The store’s fifth anniversary, celebrated on April 13, 2026, showed that the project became more than a short-term fix. Quitman County had been in a food-desert situation before the Jeffcoats reopened the market, and one account said the county’s previous supermarket closed on June 17, 2017. Another placed the grand opening on April 5, 2021, making the gap in full-service grocery access roughly four years long.

For people in Marks, the difference has been practical and immediate. Samuel McCray described the store as “a lifeline” and “a godsend,” language that reflects what a local grocery means in a county where every extra trip costs time and fuel. Coverage of the market also said local producers have benefited because Jeffcoats Family Market buys directly from them, keeping more food sales tied to nearby farms and suppliers instead of sending those dollars to Batesville, Clarksdale or Lambert.

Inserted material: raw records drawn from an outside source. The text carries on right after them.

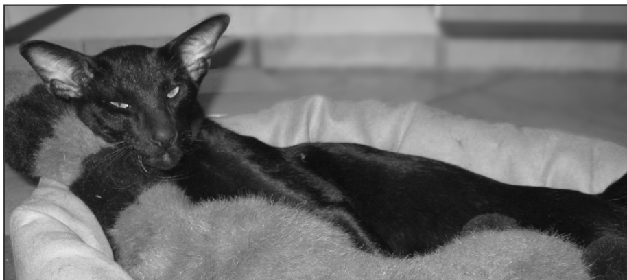
Nissen's Sambo - i daglig tale Sami

Jeg er blevet spurgt om samarbejdspartnere og mentorer, men jeg har ingen af delene. Nogle mennesker har jeg oplevet tage sig til brystet og hive efter vejret, for det er lidt kutyme, at sådan nogle har man. Jeg har bare ikke. Jeg har al-
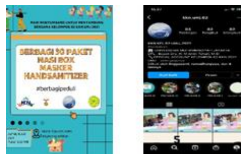
Gambar 5. Media Sosial Kelompok 61

Praktiknya juga membuat sebuah poster yang berkaitan dengan Baksos yaitu poster tentang pemberitahuan penyaluran baksos yang berupa makanan, handsanitizer, dan masker yang telah dipublikasikan melalui media promosi di media sosial milik KKN UMJ kelompok 62 yaitu instagram dan kanal channel youtube. Semua kegiatan yang kami lakukan terdokumentasi dengan sangat baik dan pastinya terstruktur.
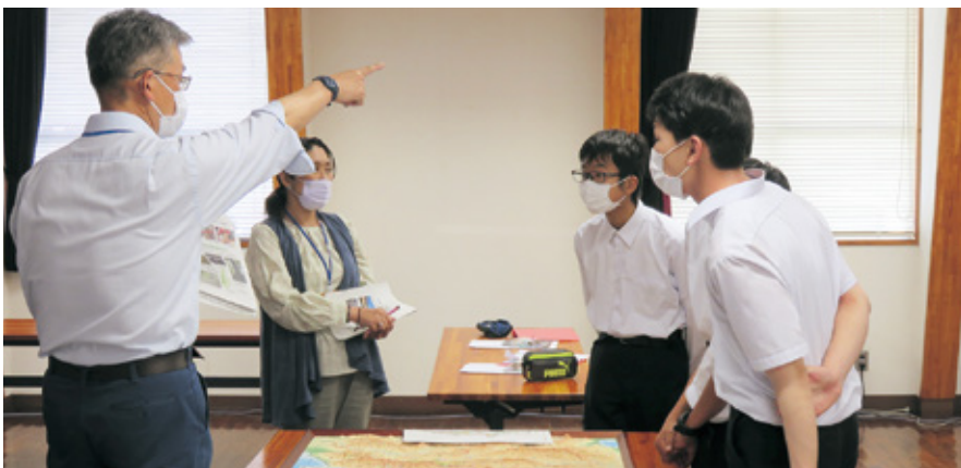
国有林のことを学ぶ生徒たち

一時間半という短い時間でしたが、今回の体験を生かして、生徒たちがどのように考え、行動し、どういう大人に成長していくのか、当署の職員としてだけではない、人生の先輩としてエールを送ることができ、森林づくりは、人づくりにもなると思われました。
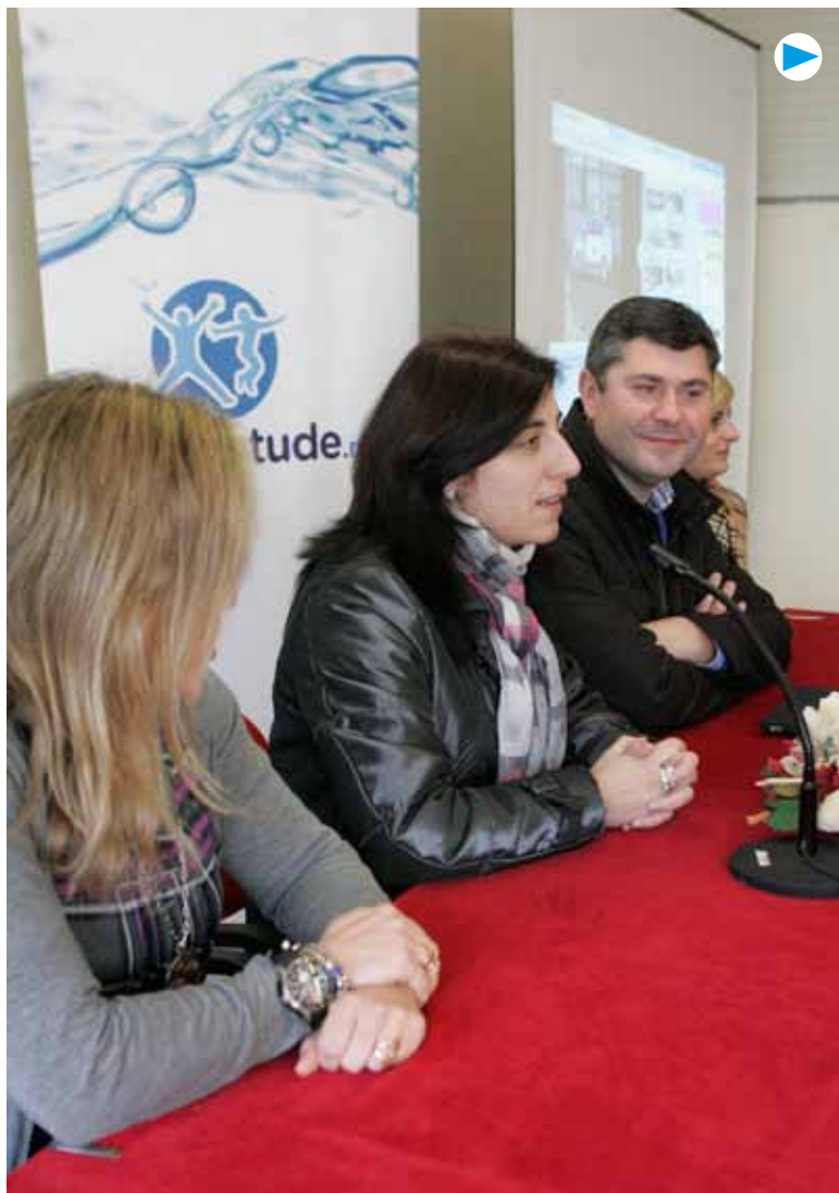
Encontro informativo de Iniciativa Xove en Melide

O propio director xeral de Xuventude e Voluntariado, Ovidio Rodeiro, acudiu a algúns destes actos informativos, para coñecer de primeira man como acollen o programa os seus destinatarios e que intereses e necesidades teñen.
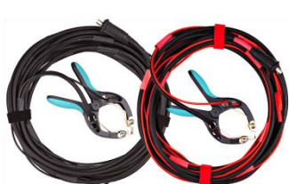
Cables de corriente y tensión con pinzas TTA

Todas estas especificaciones son válidas para una temperatura ambiente de +25 °C y con los accesorios recomendados. Las especificaciones están sujetas a cambio sin previo aviso. Las especificaciones son válidas si el equipo se utiliza con el conjunto de accesorios recomendado.
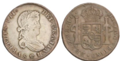
338 60 €
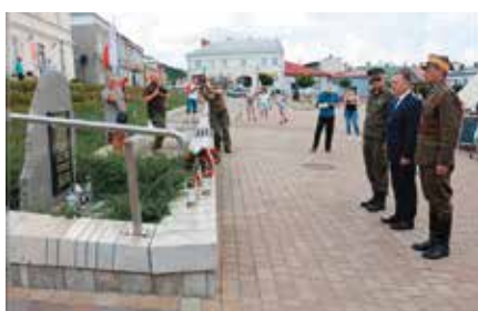
Marsz Szlakiem 1-szej Kompanii Kadrowej
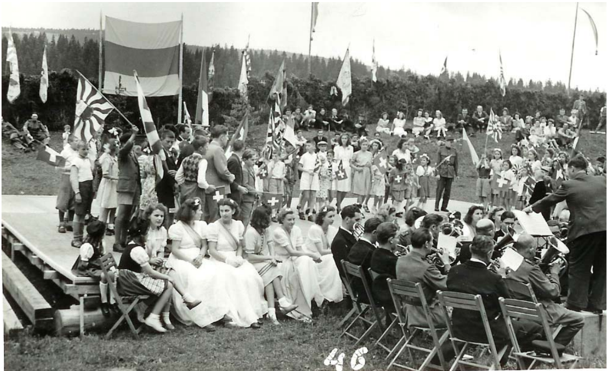
Et les filles étaient jolies, en ce temps-là !
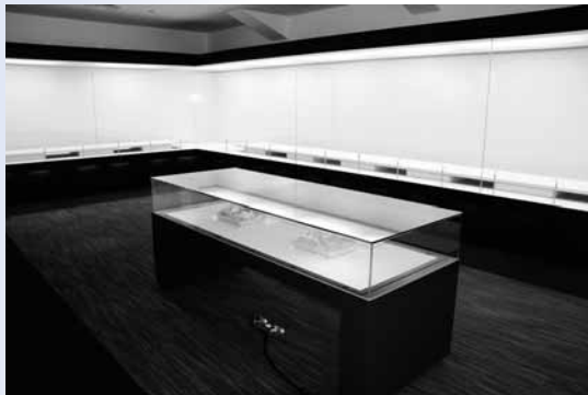
◀ 国宝も展示できる エアタイトケース (密閉式展示ケース)

平成22年3月20日、法隆寺西1丁目に、斑鳩町文化財活用センター(愛称：斑鳩文化財センター)がオープンする予定です。
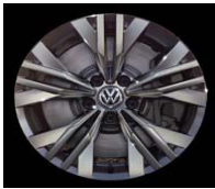
Легкосплавные диски «Nivelles» 7 J x 17, опционально для Comfortline и Highline (P14)
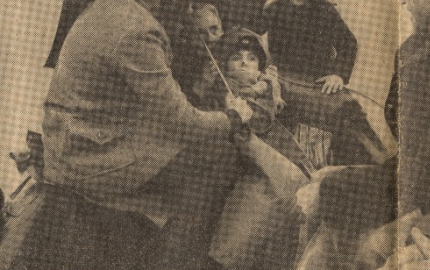
Abbattono un 'Mig 21' dell'aviazione di Damasco - Secondo fonti di Beirut, i velivoli precipitati sarebbero 2 o 3 - Guerrieri palestinesi penetrati nella Galilea
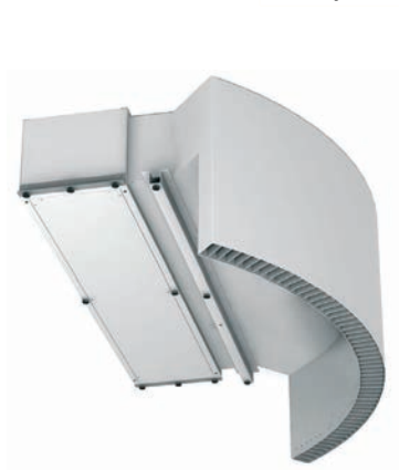
Fixé sur le dessus de la porte
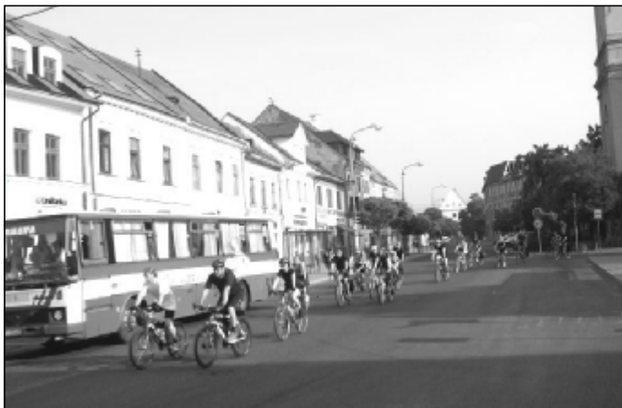
Účastníci cyklomaratónu sa vydávajú na 200 km trať.

vzali pamätné listy za absolvovanie dvojdňového cyklomaratónu. Väčšina účastníkov prejavila záujem zúčastniť sa na podobnej akcii aj v budúcom roku. Organizátori ďakujú vláde SR, resp. MF za finančnú podporu tohto podujatia. (EL)
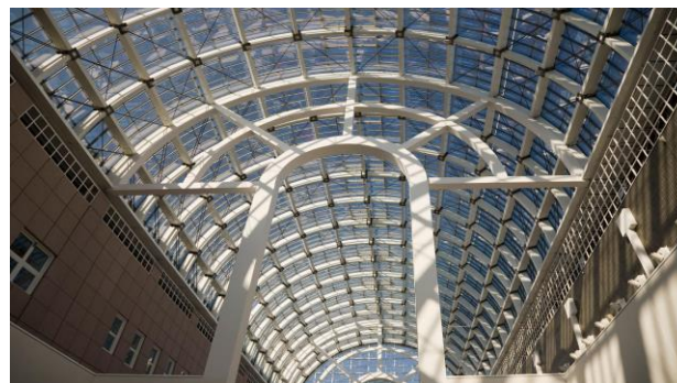
2-rasm. Gardens by the Bay (AQSH davkati Xyuston shahri)

3. Suv elementlari - jamoat makonlarida estetik va psixologik ahamiyatga ega. Fontanlar, sun'iy havzalar va suv devorlari:
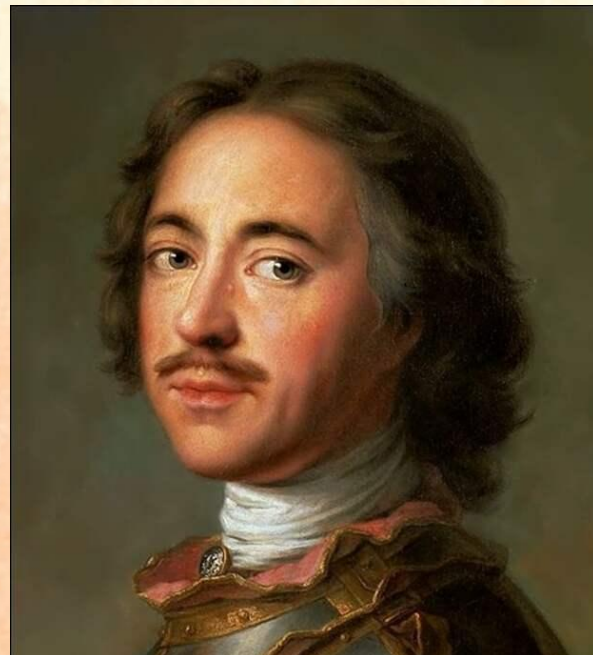
Император Петр I

Своими корнями история русской гвардии уходит в петровскую эпоху. В 1683 году 11-летний Петр I создал знаменитые потешные полки. Первым русским гвардейцем стал Сергей Леонтьевич Бухвостов – бывший царский конюх, который записался в потешный полк. В 1692 г. потешные солдаты Петра были, и разделены на два полка – Преображенский и Семёновский . В 1700 году потешным Преображенскому и Семеновскому полкам были присвоены названия лейб-гвардейских. Так в России появилась своя гвардия, которой было суждено играть важнейшую роль не только в военной, но и в политической

The store’s role is larger than one checkout line. Quitman County peaked at about 29,000 residents in the 1940s before decades of decline tied to the Great Migration and mechanization of agriculture, and the county’s retail base never fully recovered. In that setting, Jeffcoats Family Market functions as everyday infrastructure, giving Marks a dependable place to buy food, supporting local jobs and helping keep the county seat viable for the people who live there.